A big deal? Not really. Just another example of the Subby's ignorance.

 
NYZooMan 2008-12-19 11:06:07 PM  
How convenient that the whore Caroline Shlossberg , the name she's been referred by for DECADES, now goes only by Kennedy.

F**kin Cheapass entitled princess WHORE!

 
citizen905 2008-12-19 11:06:59 PM  
There is a delectable bouquet of freep in this whine.

 
Bugs_Bunny_Practiced_Psychological_Warfare 2008-12-19 11:09:27 PM  
If she doesn't have time to vote as a citizen then she doesn't have time to vote as a senator.

 
Komplex 2008-12-19 11:09:49 PM  
tchamber: How does this disqualify her, whinymitter?

There's several reasons why she shouldn't be senator.
NY (both the state and the city) are facing the greatest financial crisis since the 1970's. And if you look at how the Neo-Confederates are stabbing the Midwest in the back over the Detroit Bailout, NY needs somebody who'll be able to work the legislative process to the greatest advantage. She has no experience in any legislative body.

Hillary Clinton biatch slapped her GOP rival for re-election because she was able to deliver for Upstate NY, (she won 58 out of 62 counties and 67% of the overall vote).

 
NYZooMan 2008-12-19 11:10:16 PM  
And sucking Sharpton's dick will get you real far up in Tawana Brawley land, you cheap slut.

 
Mistah Scrotie 2008-12-19 11:13:33 PM  
People are only upset about her because her last name is Kennedy. If her last name was Bayh or Biden we wouldn't be having this discussion.

She has a JD and works as a director for the advocacy group which argued Brown vs. the Board of Education of Topeka, Kansas; Loving v. Virginia; and Gratz v. Bollinger. She's as qualified as Edwards was when he became a senator.

Now, what's with the faux outrage? Caroline Kennedy is really when we're going to get upset about lineage? When the governor of New York, whose father was Sec. State of NY (after he left the state senate seat his son picked up) is going to make an appointment to replace the wife of a former president and he has to choose between the son of a former governor and the niece of a former senator?

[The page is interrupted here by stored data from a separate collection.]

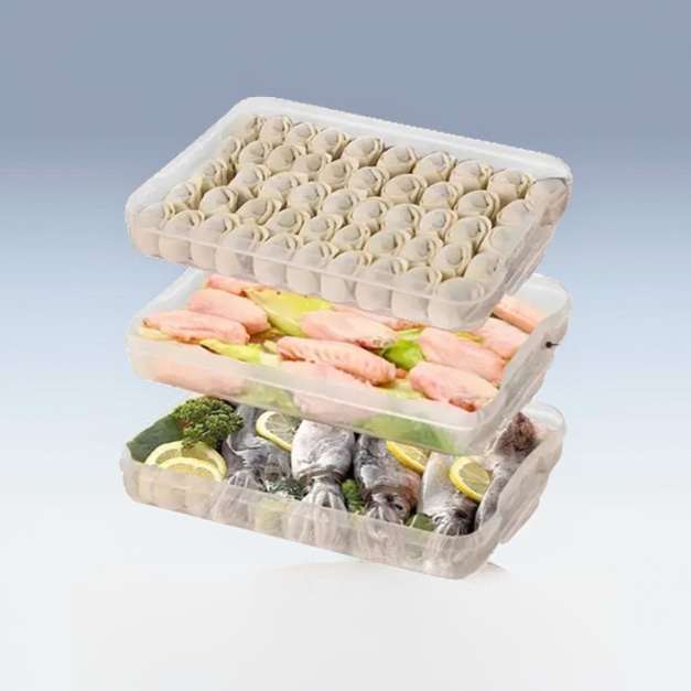 多層密封設計で餃子の鮮度を長持ち。家庭用冷蔵庫に最適、整理しやすい多機能トレイ。冷凍保存も簡単、スペース効率向上。
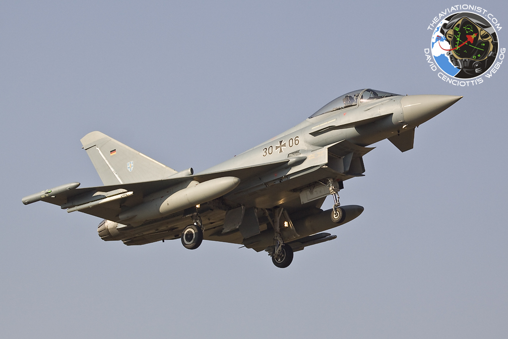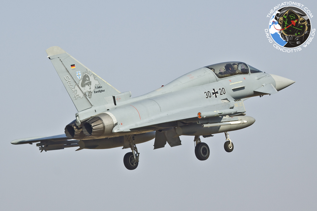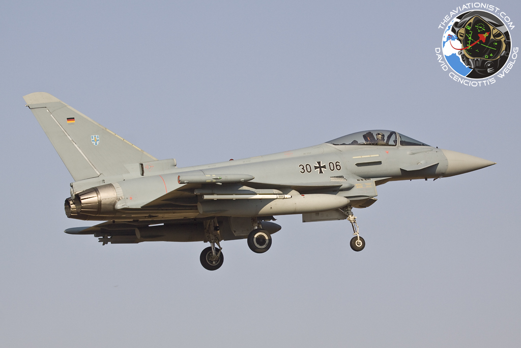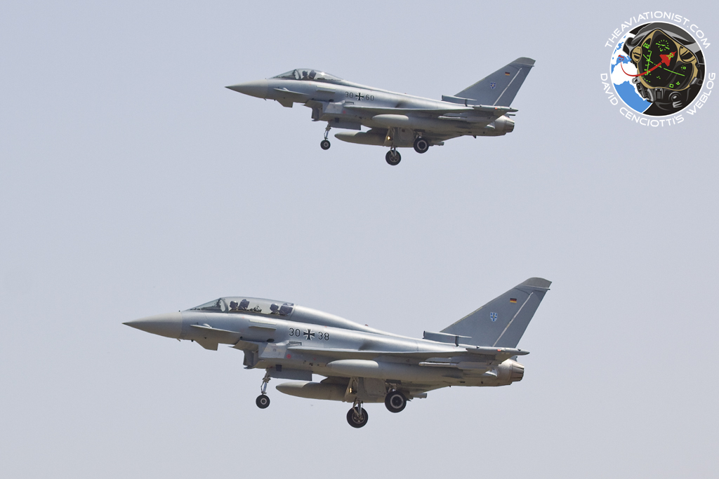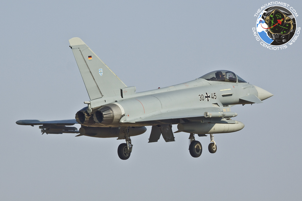 The following pictures, taken few days ago by The Aviationist’s Giovanni Maduli at Decimomannu airbase, Italy, show the German Eurofighter Typhoons of the Jagdgeschwader 73 (Fighter Wing 73) “Steinhoff” during their “summer training camp” in the Sardinia’s ACMI (Air Combat Maneuvering Installation) ranges.
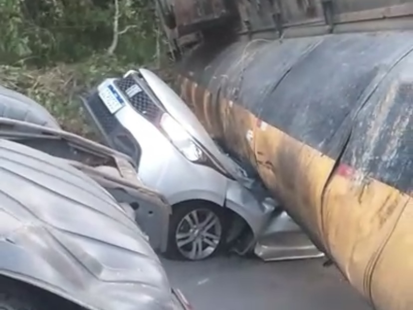 Urgente: carro é esmagado por carreta em grave acidente no Puraquequara; veja vídeos
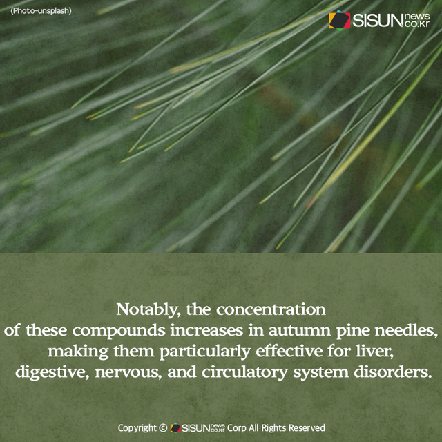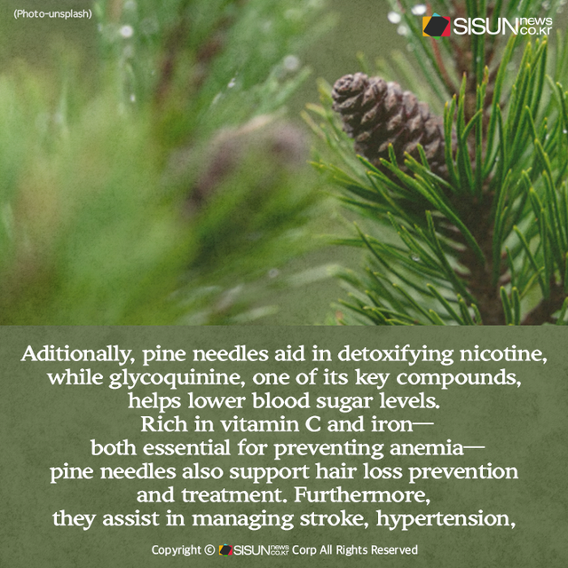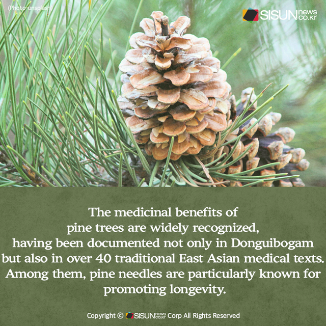 The medicinal benefits of pine trees are widely recognized, having been documented not only in Donguibogam but also in over 40 traditional East Asian medical texts. Among them, pine needles are particularly known for promoting longevity.
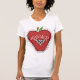 A shirt for third grade teachers featuring an illustration of a red apple decorated with a black heart with white polka dots and white text that says, "TEACHER." Red and black "3rd Grade, Third Grade..." text surrounds apple.
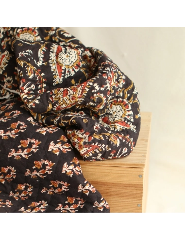 Kajal - Tissu indien matelassé double face coton hand block largeur 100cm
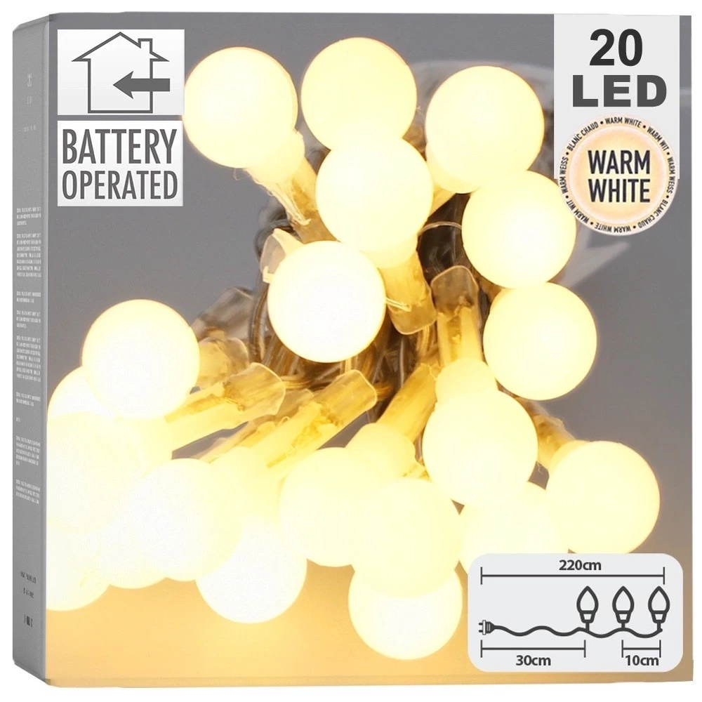 - Ciepła barwa światła - Lampki posiadają 20 LED o ciepłej, białej barwie. Odległość między diodami LED wynosi 10 cm.

Nepotism has been the name of the game for a while. Why is suddenly everyone outraged over it? You don't like the appointment then don't vote for Patterson in '10 and vote against Kennedy in the primary. When you keep electing the kids of politicians, don't be upset when they appoint the kids of politicians.

 
Nemo's Brother 2008-12-19 11:14:46 PM  
You guys. It is Caroline Kennedy now. You must have missed the memo.

 
12349876 2008-12-19 11:14:57 PM  
Would Dubya have been President without his father? Would Jeb have been governor of Florida without his father? Would Hillary Clinton have been Senator with a strong presidential bid without her husband? Would Ron and Michael Reagan been political consultants and talk show hosts without their father? Would John Quincy Adams have been president without his grandad? Would FDR have been president without the same surname as a previous president? Would Jesse Jackson Jr. be a congressman without his Dad? Would Franklin Graham be a prominent world preacher without his Dad? Would Peyton and Eli Manning be NFL stars if their Dad wasn't an NFL player? Do I need to go on?